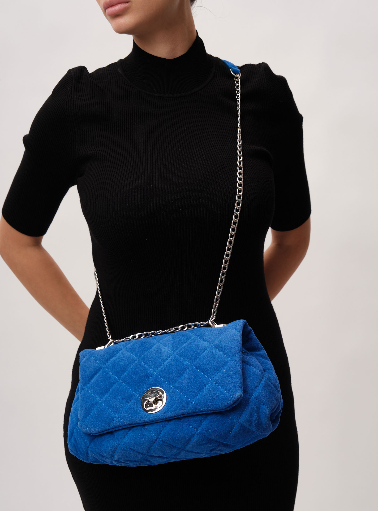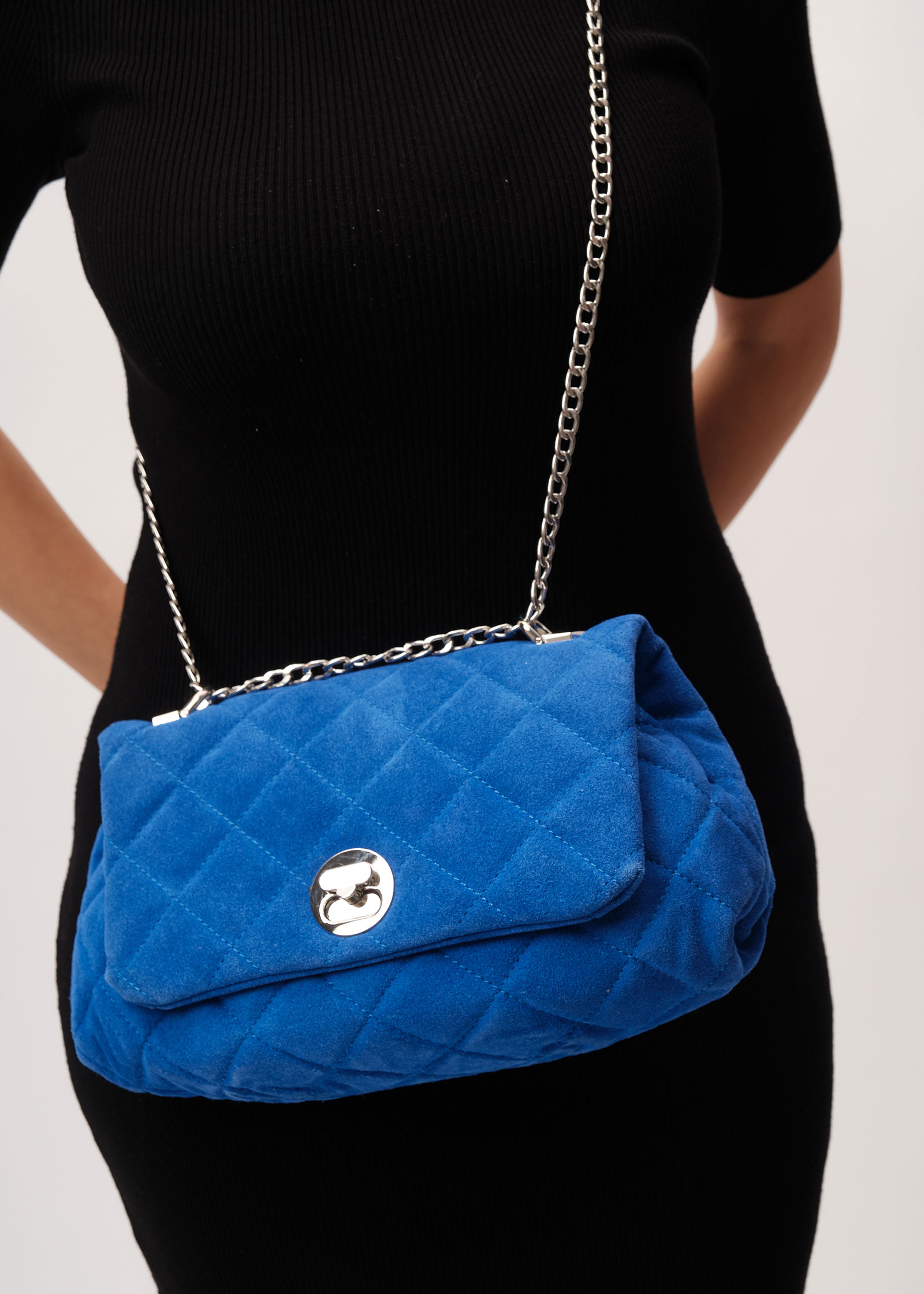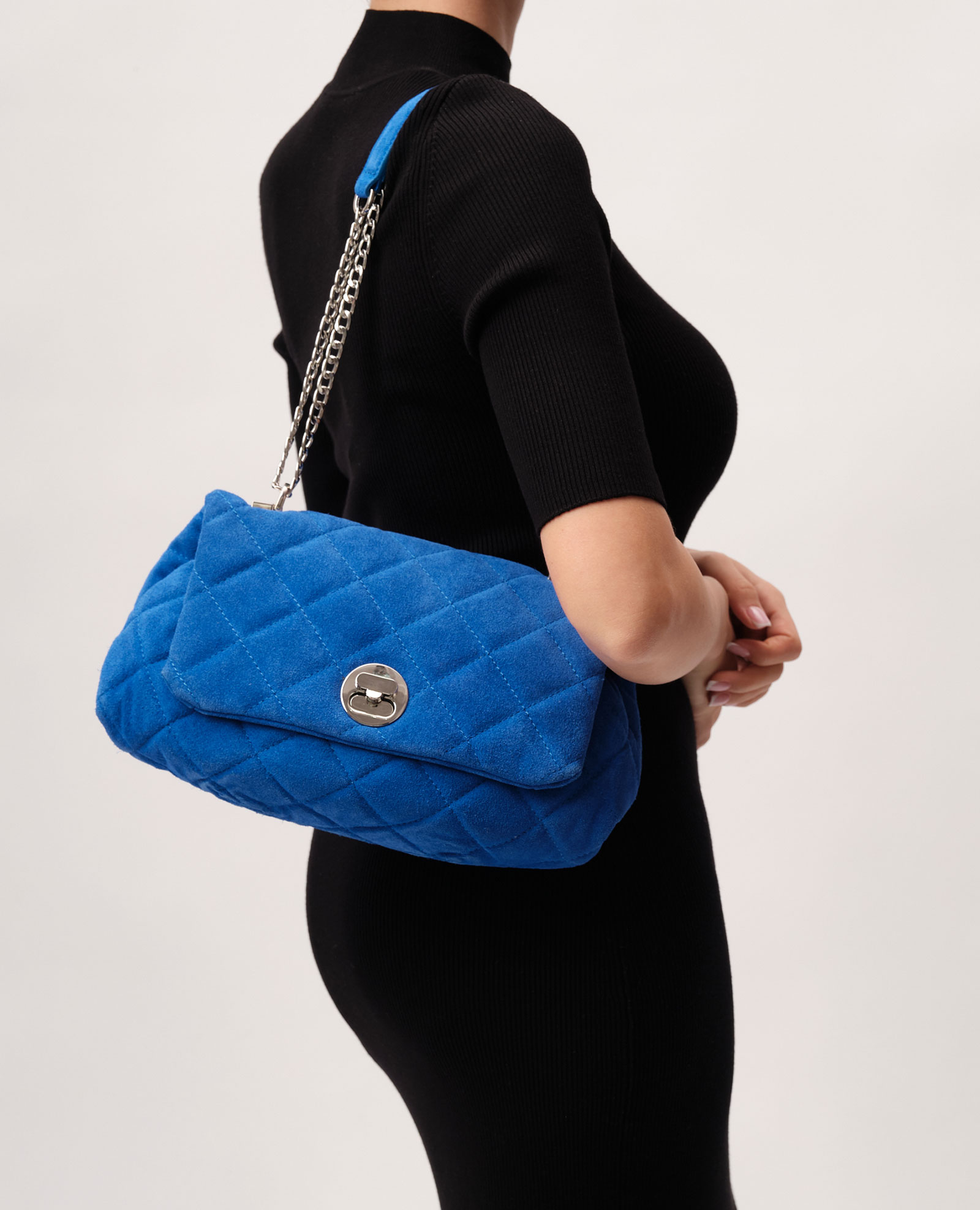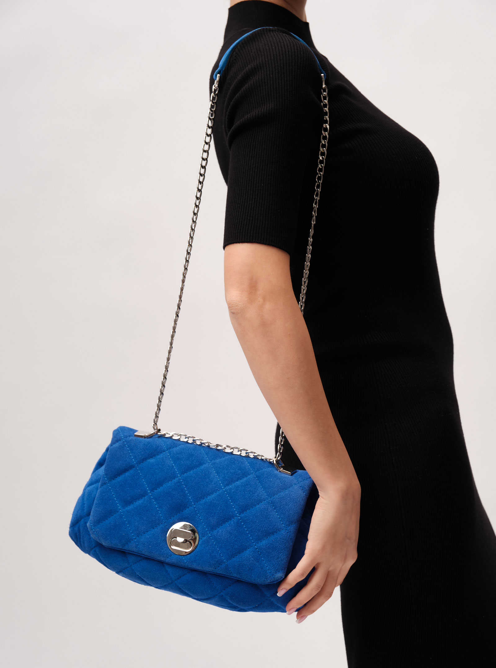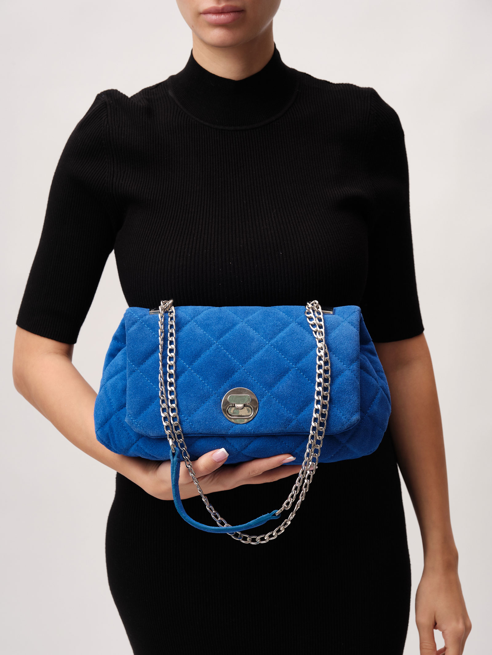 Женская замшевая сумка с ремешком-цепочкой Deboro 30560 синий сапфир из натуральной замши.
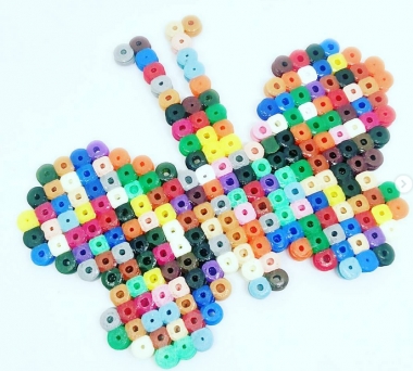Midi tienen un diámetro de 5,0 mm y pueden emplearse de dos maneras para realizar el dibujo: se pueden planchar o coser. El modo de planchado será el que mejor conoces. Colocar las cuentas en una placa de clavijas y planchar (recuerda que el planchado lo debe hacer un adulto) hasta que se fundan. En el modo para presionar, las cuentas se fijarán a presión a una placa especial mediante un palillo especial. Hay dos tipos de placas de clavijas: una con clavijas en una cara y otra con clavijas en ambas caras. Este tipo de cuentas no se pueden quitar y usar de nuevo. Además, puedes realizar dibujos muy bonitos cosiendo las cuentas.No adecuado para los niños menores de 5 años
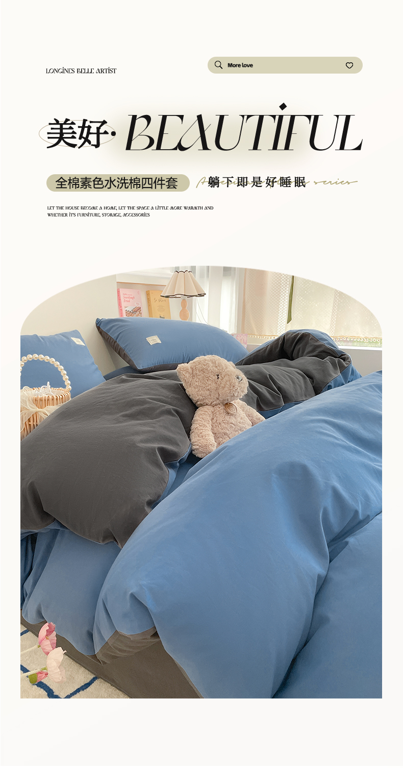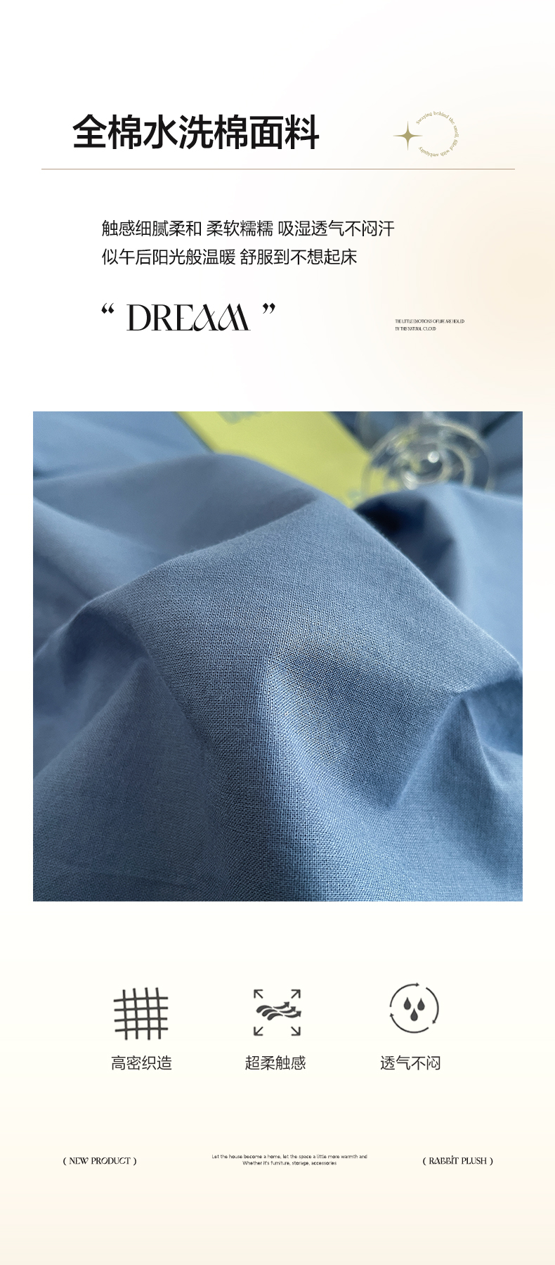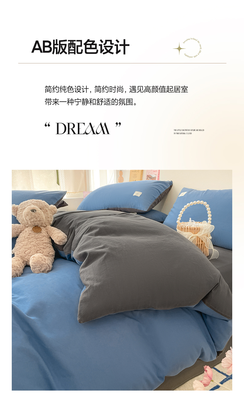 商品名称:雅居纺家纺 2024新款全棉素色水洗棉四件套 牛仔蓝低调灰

◆ Assignment
Keeping pictures out, repeat exactly the lines from the one containing "Midi tienen un" through the end of the listing.

◆ Reply to the exercise
Midi tienen un diámetro de 5,0 mm y pueden emplearse de dos maneras para realizar el dibujo: se pueden planchar o coser. El modo de planchado será el que mejor conoces. Colocar las cuentas en una placa de clavijas y planchar (recuerda que el planchado lo debe hacer un adulto) hasta que se fundan. En el modo para presionar, las cuentas se fijarán a presión a una placa especial mediante un palillo especial. Hay dos tipos de placas de clavijas: una con clavijas en una cara y otra con clavijas en ambas caras. Este tipo de cuentas no se pueden quitar y usar de nuevo. Además, puedes realizar dibujos muy bonitos cosiendo las cuentas.No adecuado para los niños menores de 5 años
 商品名称:雅居纺家纺 2024新款全棉素色水洗棉四件套 牛仔蓝低调灰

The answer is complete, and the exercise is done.